Monday, January 14, 2019

Lately (1/14/19)

Happy New Year, and welcome once again to this little corner of the internet. As ever, if you're reading this, I appreciate your kind attention and do not take it for granted. Cheers to you. Onward!

Here are:

*A rundown of my 2019 Winter Jazzfest faves. I only caught a tiny fraction of what went down at the fest, but still managed to hear a broad array of world-class groups. I'm happy that WJF is now a firmly entrenched annual staple of the NYC concert calendar, and I look forward to many more.

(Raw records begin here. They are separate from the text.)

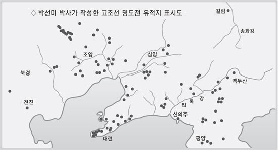 명도전 유적의 위치를 표시한 지도는 서울시립대학교 인문과학연구소 박선미 연구원이 2000년에 발표한 석사학위 논문 ‘기원전 3~2세기 고조선의 문화와 명도전 유적’에 나온다.
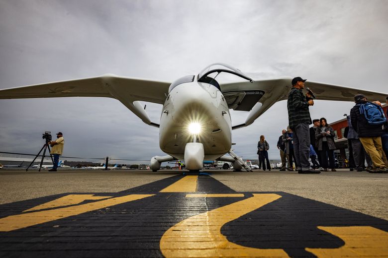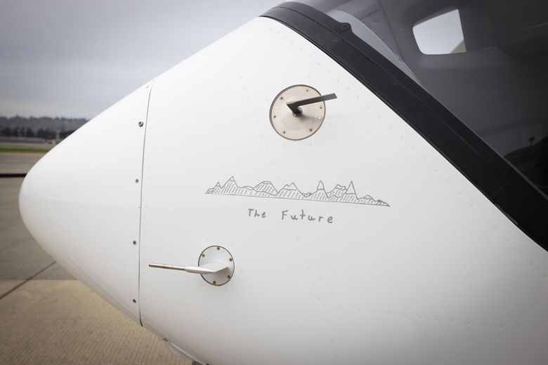 Beta Technologies is working on an electric plane that takes off and lands vertically, similar to a helicopter, but also this more conventional passenger craft. (Ken Lambert / The Seattle Times)
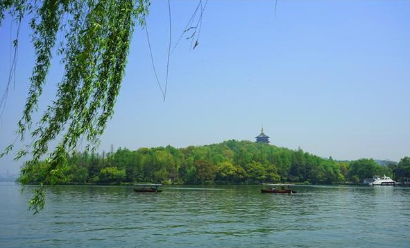 湖边垂柳依依,湖中画舫缓缓。水如一面明镜,倒映着青山绿水,又似一块碧玉,温润着诗画江南。风轻云淡,天边是一方朦胧,水天相接之处是一方淡雅。“水皆缥碧,千丈见底;游鱼细石,直视无碍。”西湖之水悠悠,洗涤着我的心灵。愈往前走,愈是一片暮春的美丽景象。花儿争奇斗艳,桃花上还带着露水,披着薄薄的白雾。在氤氲之中,又有些许羞怯。
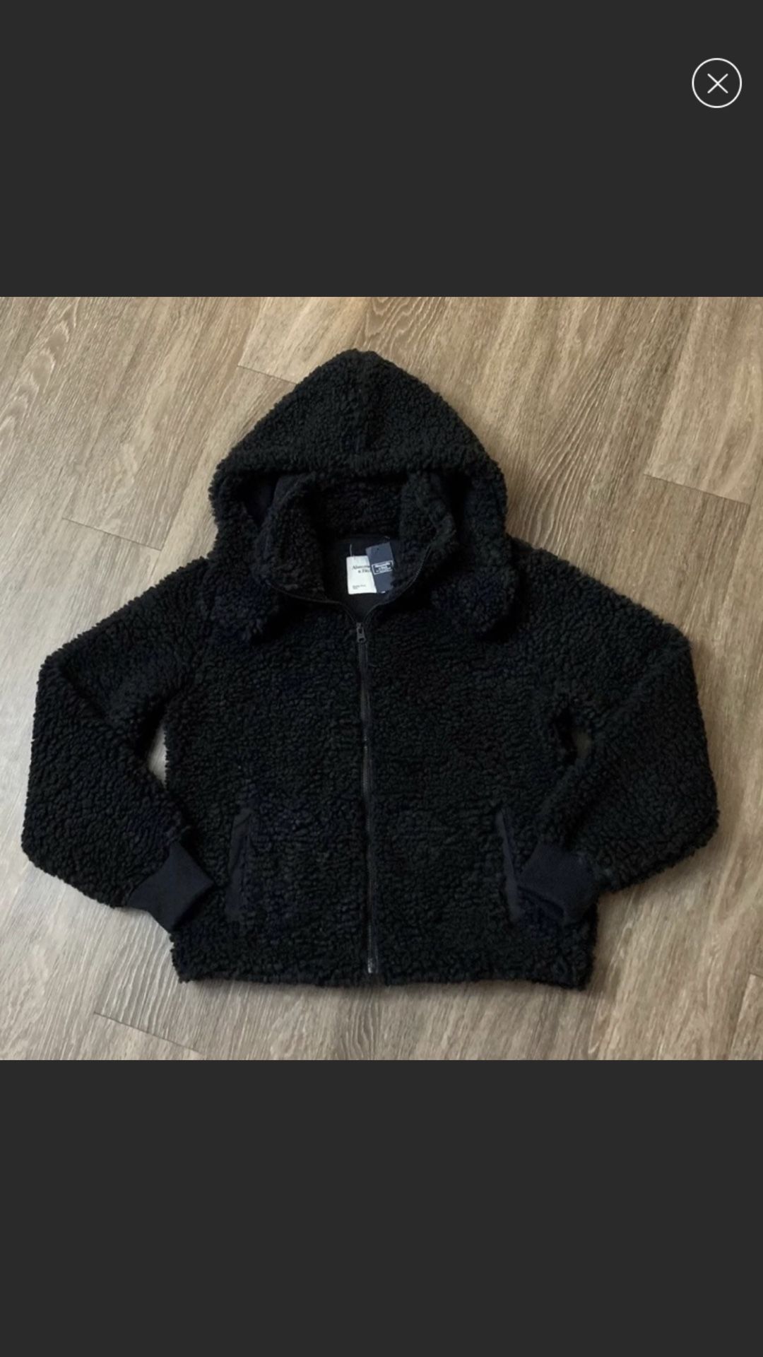 Abercrombie Sherpa Full-Zip Jacket Cozy and comfy full-zip jacket in super soft curly sherpa fabric. Features a removable hood, pockets and oversized snap collar. Color: Black (last 3 photos in cream color with model are for fit reference only) Size: Small Sleeve length: 33.5” Body Length: 24” New with tag Faux Fur:100% Polyester / Back:100% Polyester Machine wash cold separately, gentle cycle, remove promptly Only non-chlorine bleach Tumble dry low, remove promptly Do not iron Do not dry clean
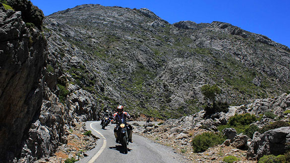 Einfahrtour zum Kennenlernen der Motorräder und Straßen (Idagebirge-Lashitti). Abendessen und Übernachtung im Motocamp.
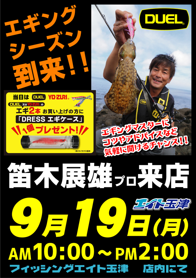 4店舗でデュエル 笛木展雄プロエギングイベントを開催致します!!
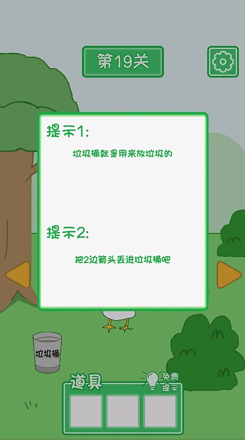 在第19关,首先把向左和向右的箭头拖进垃圾桶,之后点击鸭子就能顺利通关了。
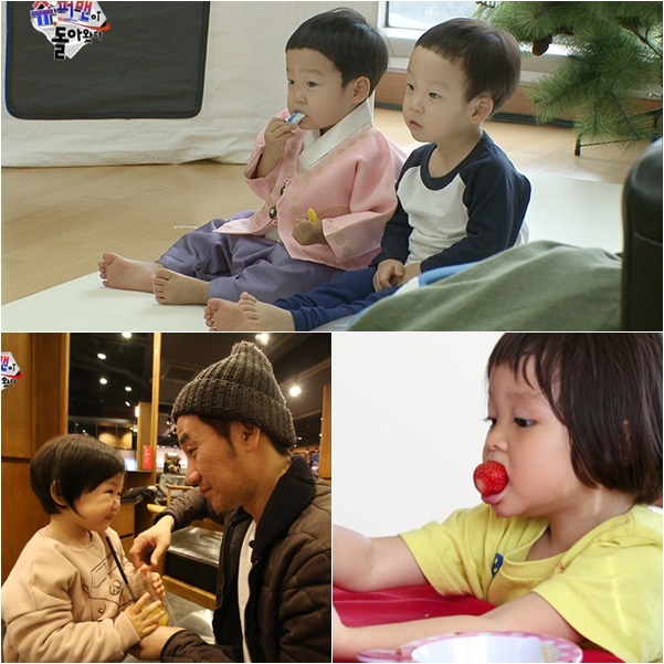 진정한 붕어빵 쌍둥이가 나타났다. 일란성 쌍둥이인 라희와 라율은 시청자들을 시험에 들게 했다. 사실 서언과 서준, 대한·민국·만세는 조금씩 외모가 달라 자꾸 보다보면 구분이 됐다. 허나 라희와 라율은 제 아무리 지켜봐도 누가 누군지 도통 모르겠다는 게 시청자들의 혼란. 이 큰 눈망울을 가진 ‘라둥이’는 첫 등장부터 엄청난 파급력을 불러왔다. 슈의 고난에 가까운 육아로 쑥쑥 크고 있는 라희와 라율은 그야말로 걸어다니는 인형. 조금 체격이 큰 아이가 동생 라율이라는 엄마 슈의 들어도 구분 못할 방법에 시청자들은 피식 웃고 말았다. 구분법조차 소용이 없다. 쌍둥이들은 언제나 똑같은 옷을 입고 다녀 귀여운 매력이 배가 되는데, 라희와 라율 역시 마찬가지다. 고운 한복을 차려입고 함께 걸어다니는 모습만으로도 안방극장의 눈길을 홀라당 빼앗았다.
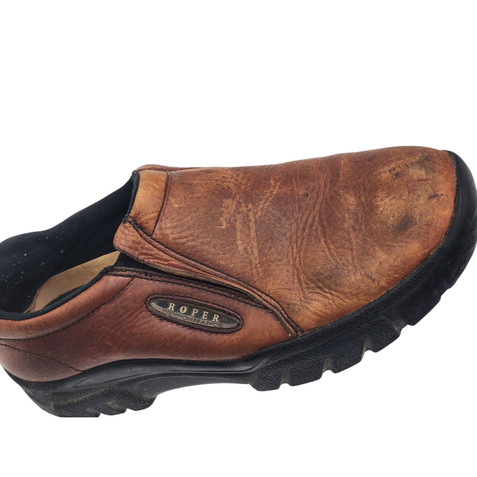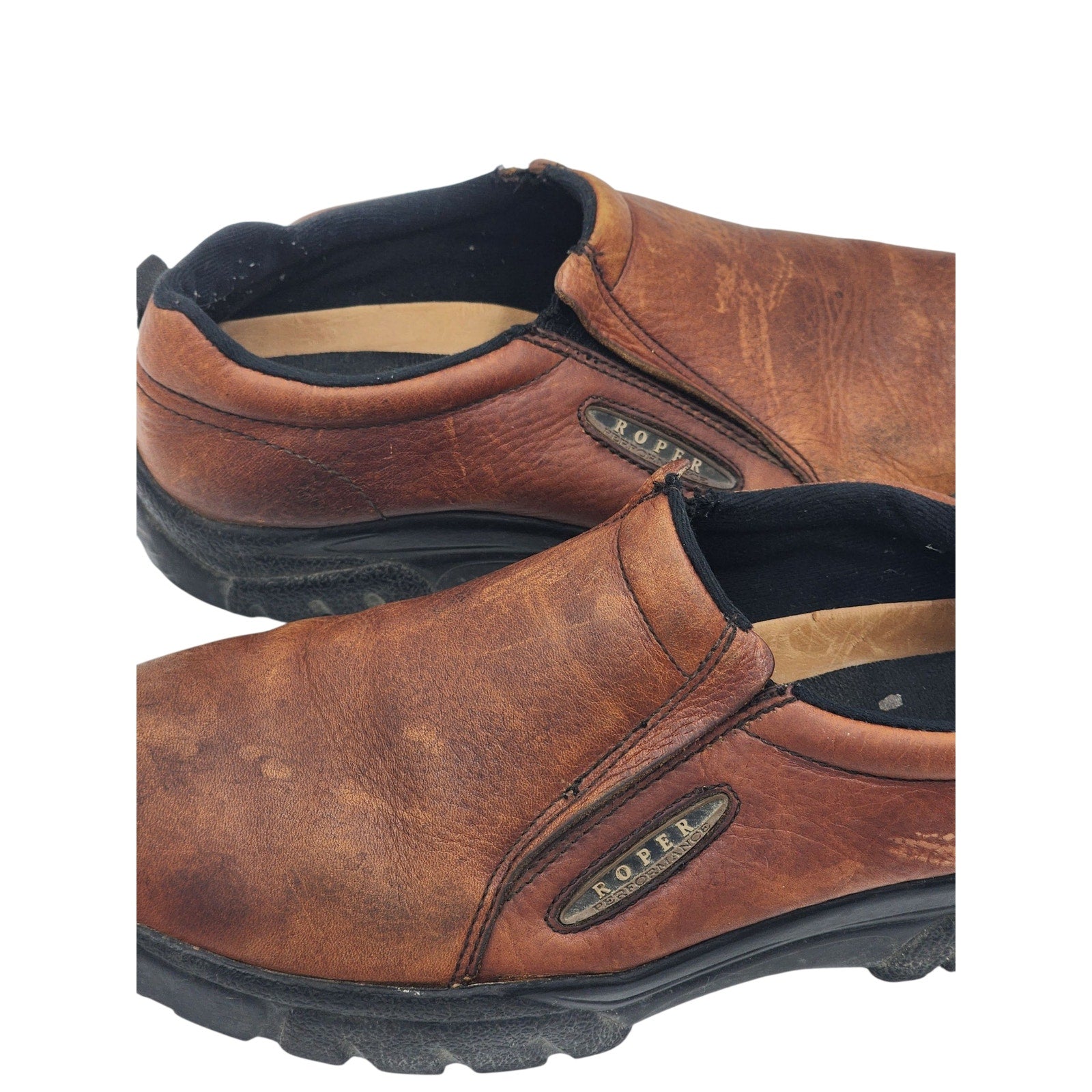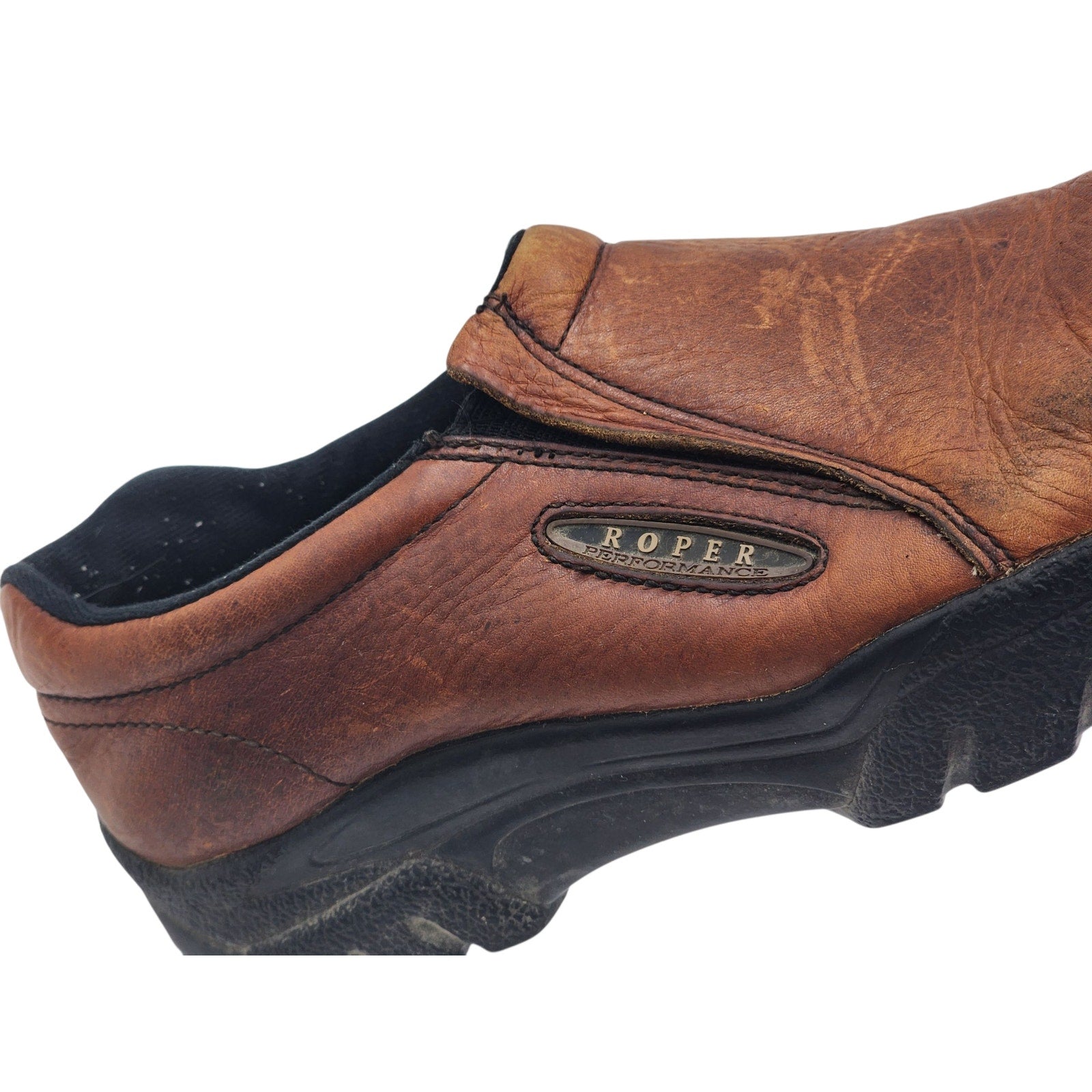 Roper Shoes Mens 12 Brown Leather Slip On Comfort Performance Casual Rugged Outdoor Loafers Western 09-020-0601-0206

*A piece on the Jawbox reunion, with commentary from three of the four members. I'm a huge fan of this band, and have been for around 25 years, so this was simply an honor and a pleasure to put together. See also an older DFSBP piece in which I delve into some of the reasons I find their music so inspired/inspiring.

*A brief write-up on the latest from Krallice, which I would not hesitate to name one of New York's, and the world's, premier avant-garde ensembles, regardless of genre. More on them, and what they mean to me, here.